From the data source:
--The small amount of NFT attribute data is the main factor for price determination, and it should be used as the data input by the oracle;
--The data on the NFT chain and the data of the NFT exchange, although there is some noise, are also the data that can most directly reflect the price of the NFT, which also needs to be used as the input of the oracle machine;
--The community data and social media data of the project are too noisy, the processing process is cumbersome, and the model used in the quantification process is complex and not suitable for the data source input by the oracle machine. If it is used, certain means are required to limit the weight.
Oracle model
After having the input data, the oracle machine can choose to use three forms of [rule], [model] or [rule + model] to process the data to generate the final output price.
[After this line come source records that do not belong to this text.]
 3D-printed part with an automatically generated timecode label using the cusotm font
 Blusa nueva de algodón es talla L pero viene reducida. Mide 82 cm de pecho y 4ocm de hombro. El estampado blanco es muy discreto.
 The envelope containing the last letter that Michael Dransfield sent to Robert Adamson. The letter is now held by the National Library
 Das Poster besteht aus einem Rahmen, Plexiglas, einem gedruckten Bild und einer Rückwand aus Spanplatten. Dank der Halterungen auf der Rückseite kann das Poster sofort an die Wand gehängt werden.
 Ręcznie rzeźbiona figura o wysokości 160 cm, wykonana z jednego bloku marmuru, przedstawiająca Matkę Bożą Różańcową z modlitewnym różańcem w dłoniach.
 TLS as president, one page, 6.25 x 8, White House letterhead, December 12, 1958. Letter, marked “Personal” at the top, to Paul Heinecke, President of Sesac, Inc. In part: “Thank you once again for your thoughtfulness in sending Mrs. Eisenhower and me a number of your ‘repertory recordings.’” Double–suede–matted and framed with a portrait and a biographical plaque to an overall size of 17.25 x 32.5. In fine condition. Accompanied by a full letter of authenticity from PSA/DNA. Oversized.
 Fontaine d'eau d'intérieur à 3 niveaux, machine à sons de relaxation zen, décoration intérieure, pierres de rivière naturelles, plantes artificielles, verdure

Since the price of homogenized tokens is relatively continuous, it adopts the form of multi-node data processing and output using rules. Compared with homogenized tokens, the price of NFT is discrete and each NFT has different attributes. Simple rules are not enough. Given a reasonable price, models need to be chosen to price this subject with a more complex pattern.
Considering the real-time requirements of quotation and the interpretability of the model, a simple machine learning model is a better choice. The deep learning model is too complicated, and there will be unpredictable systemic risks in dealing with a complex quotation system.
In addition, the use of models will involve the use of historical data. Whether the price distribution of NFT changes over time is a key factor in determining the length of historical data. This part needs to be determined by fitting the model to the price trend of the head project.
We recommend everyone to keep an eye on Upshot and Banksea, and get involved if you have the chance!